The first contribution is sensitive to changes in generation times, but the other two come from relatively robust trends. An outside view thus suggests only a moderate amount of inequality in the next singularity – nothing like a basement AI taking over the world.
Excess inside viewing usually continues even after folks are warned that outside viewing works better; after all, inside viewing better show offs inside knowledge and abilities. People usually justify this via reasons why the current case is exceptional. (Remember how all the old rules didn’t apply to the new dotcom economy?) So expect to hear excuses why the next singularity is also an exception where outside view estimates are misleading. Let’s keep an open mind, but a wary open mind.
Surely what I am about to write is obvious, and probably old. During World War II, when physicists began to realize the destructive potential of nuclear weapons, Albert Einstein was chosen by his peers to approach President Roosevelt. Einstein was perhaps not the best informed of the group, but he was the best known, and was thought to be able to get Roosevelt's ear, as he did. In response, Roosevelt was able to convene all the greatest Western minds in physics, mathematics, and engineering to work together for a rapid solution to the problem. Clearly, the importance of the development of recursively self-improving super-human intelligence has got to be, almost by definition, greater than all other current problems, since it is the one project that would allow for the speedy solution of all other problems. Is there no famous person or persons in the field, able to organize his peers, and with access to the government such that an effort similar to the Manhattan Project could be accomplished? The AI Institute has one research fellow, and are looking for one more. They have a couple of fund-raisers, but most of the world is unaware of AI altogether. This won't get it done in a reasonable time-frame. Your competitors may well be backed by their governments.
While the eventual use of the Manhattan Project's discoveries is about as far from Friendly AI as imaginable, the power of super-human recursive AI is such that no matter by whom or where it is developed it will become the eminent domain of a government, much like the most powerful Cray computers. You might as well have their money and all the manpower right from the start, and the ability to influence it's proper use.
Can/will this be done?
As I mentioned, one point of disanalogy between the farming/industrial developments and AI is that farming didn't put any humans out of work, while the humans put out of work by industry had other places in the economy to go. With AI, it effectively takes out most of the economy out of human hands, maybe leaving a few vacancies in the service industries.
Another disanalogy between the farming/industrial developments and AI is that is is hard to keep farming and industrial developments secret - they are typically too easy to reverse engineer.

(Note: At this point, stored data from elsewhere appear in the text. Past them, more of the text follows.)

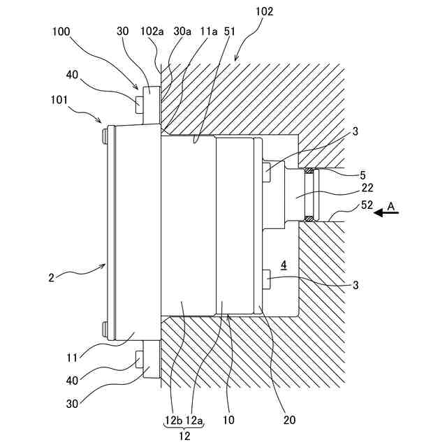 【解決手段】ポンプのハウジング2は、本体部10と、ボルト40により被取付体102と固定されるフランジ30と、を有し、フランジ30には、ボルト40が挿通する挿通孔31と、フランジ30の端面から突出してフランジ30と一体に形成され、ボルト40が挿通するカラー41と、を有し、被取付体102は、ハウジング2の挿通孔31に対応して形成され、ボルト40が締結される締結穴50と、カラー41が嵌合する嵌合穴53と、を備える。
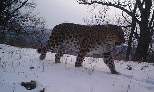 An image taken by an infrared camera on November 29, 2015 shows an Amur leopard in Laoyeling nature reserve of Heilongjiang province. Siberian tigers have been photographed four times and Amur leopards nine times by the camera, Heilongjiang provincial forestry department said on Thursday. (Photo provided by Heilongjiang provincial forestry department)
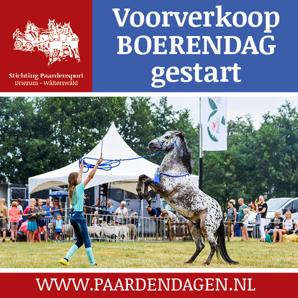 De gezelligste familiedag van het jaar, de 'Boerendag' wordt op 27 juli voor de dertigste keer georganiseerd. De groep vrijwilligers van het eerste uur wil dit jubileum niet ongemerkt voorbij laten gaan, en heeft een heuse men-show met dertig menners en grooms in elkaar gezet. Allemaal vaste gezichten op de Paardendagen Driezum - Wâlterswâld, die als slotact de toeschouwers trakteren op een wervelende show, waarin zij de meest spectaculaire onderdelen overdoen uit alle voorgaande edities van het evenement. "Voor elkaar en met elkaar", dat is al jaren de slogan van de Paardendagen Driezum-Wâlterswâld!Met ruim vijftig standhouders vermaakt jong en oud zich op de Boerenmarkt, maar er is meer: een bungee trampoline, een veld vol trekkers en oldtimers, de jaarlijkse vee- en geitenkeuring, de show van het ‘Heavy Horses Showteam’ en ook de demo vrijheidsdressuur van Famke Dijkstra wil je niet missen! Van hapjes en drankjes tot de muziek: alles is tot in de puntjes geregeld voor de allerkleinsten tot de ‘oldtimers’ onder ons.
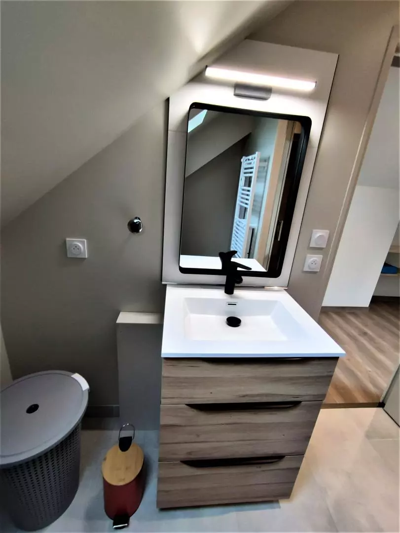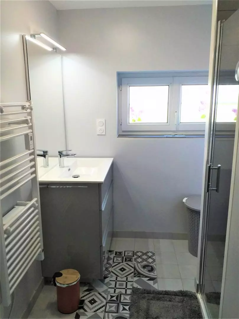 Bienvenue à la Thibaudière ! Situé dans le village de Saint-Pierre-de-Varengeville, à proximité de Rouen, le gîte a été entièrement rénové par les propriétaires avec goût et modernité pour vous garantir un séjour réussi que ce soit en famille, entre amis ou pour un déplacement professionnel. Vous pourrez accéder aux commerces du village à moins de 5 minutes à pied et facilement rayonner entre Rouen et les richesses touristiques des boucles de la Seine. Vous apprécierez le jardin exposé plein sud sans vis-à-vis, la luminosité des pièces et le souci du détail apporté dans chaque pièce. Rez-de-chaussée :
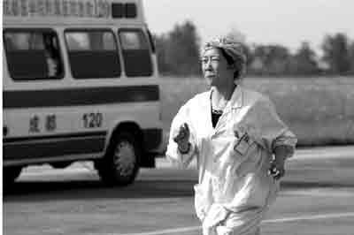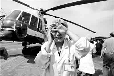昨天下午4點05分,東方通用航空公司的一架米1-71直升機緩緩降落在廣漢機場停機坪上。艙門打開,40歲的女護士杜娟下了飛機,招呼著成都120急救中心的醫(yī)護人員將傷員抬到急救車上。杜娟是北川縣禹里羌族鄉(xiāng)衛(wèi)生院的護士。5·12地震后,禹里與世隔絕,直到昨天才等到直升機將重傷者送出。杜娟隨機照顧患者。傷員都下了飛機后,杜娟向于波借手機,電話打通時,她手開始顫抖,撕心裂肺的哭聲終于無法忍住。那是她六天后,第一次給外面的親人打電話。巨大的螺旋槳轉動聲中,人們只能依稀聽到她的哭訴:“我要去找他,不能連個尸體都沒有!庇诓乜粗,不到一個小時前,他還覺得這個女護士嚴厲得有點過分。

Whereas with AI, if you keep the code on your server, it is extremely difficult for anyone to reverse engineer it. It can even be deployed fairly securely in robots - if tamper-proof hardware is employed.
Both of these differences suggest that AI may be more effective at creating inequalities than either farming or industry was.
However, ultimately, whether groups of humans benefit differentially from AI or not probably makes little odds.
The bigger picture is that it represents the blossoming of the new replicators into physical minds and bodies - so there is a whole new population of non-human entities to consider, with computers for minds and databases for genomes.